Exercise inputs:
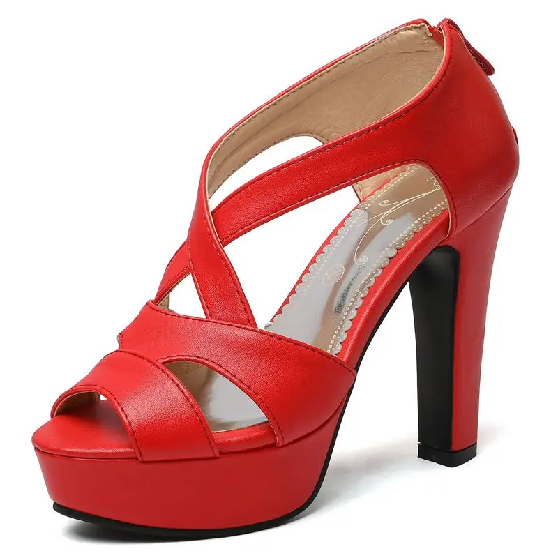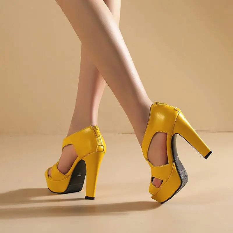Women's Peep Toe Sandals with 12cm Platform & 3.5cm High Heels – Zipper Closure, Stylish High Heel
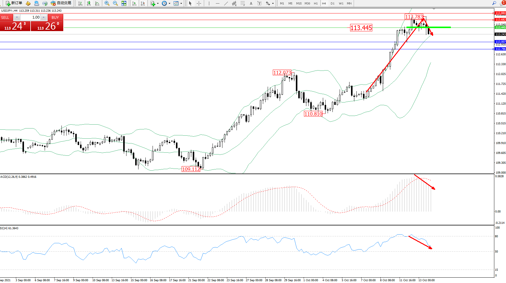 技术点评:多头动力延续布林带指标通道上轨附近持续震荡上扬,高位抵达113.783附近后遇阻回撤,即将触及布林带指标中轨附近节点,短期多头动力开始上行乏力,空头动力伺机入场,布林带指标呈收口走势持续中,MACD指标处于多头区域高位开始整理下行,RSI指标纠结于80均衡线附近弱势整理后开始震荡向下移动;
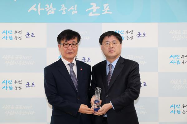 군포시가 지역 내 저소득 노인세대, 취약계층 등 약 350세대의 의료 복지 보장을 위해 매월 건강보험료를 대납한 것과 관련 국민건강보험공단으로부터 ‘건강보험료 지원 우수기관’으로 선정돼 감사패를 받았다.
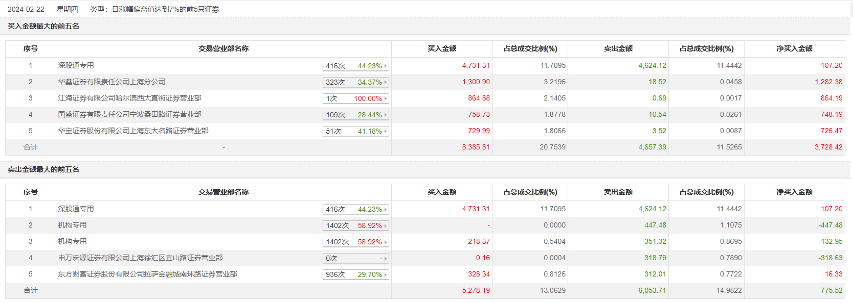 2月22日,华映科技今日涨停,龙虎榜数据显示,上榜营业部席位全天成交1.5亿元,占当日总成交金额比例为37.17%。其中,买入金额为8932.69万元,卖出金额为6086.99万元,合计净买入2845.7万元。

--

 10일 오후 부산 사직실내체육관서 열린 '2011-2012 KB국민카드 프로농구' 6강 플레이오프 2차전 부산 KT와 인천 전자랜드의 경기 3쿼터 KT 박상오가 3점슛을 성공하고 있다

Task directions:
Reproduce, exactly and only, the lines of the records above starting at the line with "技术点评:多头动力延续布林带" and ending at the line with "2月22日,华映科技今日涨停", both included. Leave every picture out.

Output of the task:
 技术点评:多头动力延续布林带指标通道上轨附近持续震荡上扬,高位抵达113.783附近后遇阻回撤,即将触及布林带指标中轨附近节点,短期多头动力开始上行乏力,空头动力伺机入场,布林带指标呈收口走势持续中,MACD指标处于多头区域高位开始整理下行,RSI指标纠结于80均衡线附近弱势整理后开始震荡向下移动;
 군포시가 지역 내 저소득 노인세대, 취약계층 등 약 350세대의 의료 복지 보장을 위해 매월 건강보험료를 대납한 것과 관련 국민건강보험공단으로부터 ‘건강보험료 지원 우수기관’으로 선정돼 감사패를 받았다.
 2月22日,华映科技今日涨停,龙虎榜数据显示,上榜营业部席位全天成交1.5亿元,占当日总成交金额比例为37.17%。其中,买入金额为8932.69万元,卖出金额为6086.99万元,合计净买入2845.7万元。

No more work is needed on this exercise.